Instructions for the task => The listing below is to be written out word for word, minus its images.
━━ Data excerpt
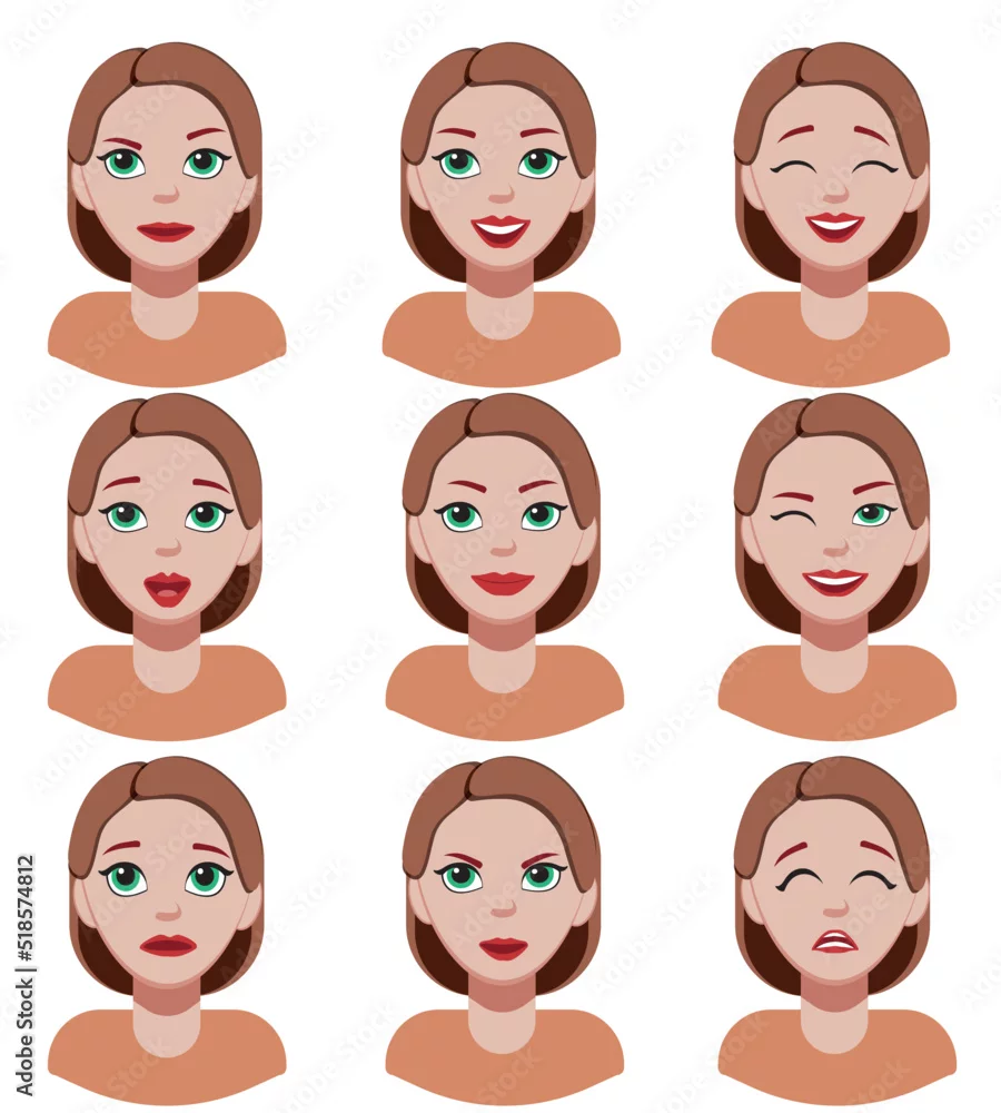 Emotions girl. Face expressions. Different female emotions, set. Attractive cartoon character. Vector illustration isolated on white background.
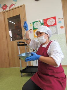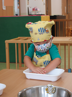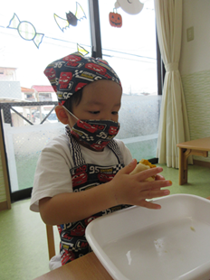 エプロンをつけて、消毒をして
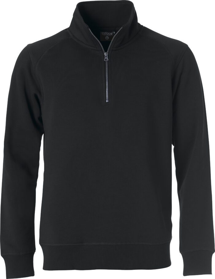 Sweatshirt 1/2 zip – Poche cachée zippée avec smartphone system – lavage 60° – coutures Flatlock ton sur ton – bords côtes 2×2 poignets + taille
━━━━
Output =>
 Emotions girl. Face expressions. Different female emotions, set. Attractive cartoon character. Vector illustration isolated on white background.
 エプロンをつけて、消毒をして
 Sweatshirt 1/2 zip – Poche cachée zippée avec smartphone system – lavage 60° – coutures Flatlock ton sur ton – bords côtes 2×2 poignets + taille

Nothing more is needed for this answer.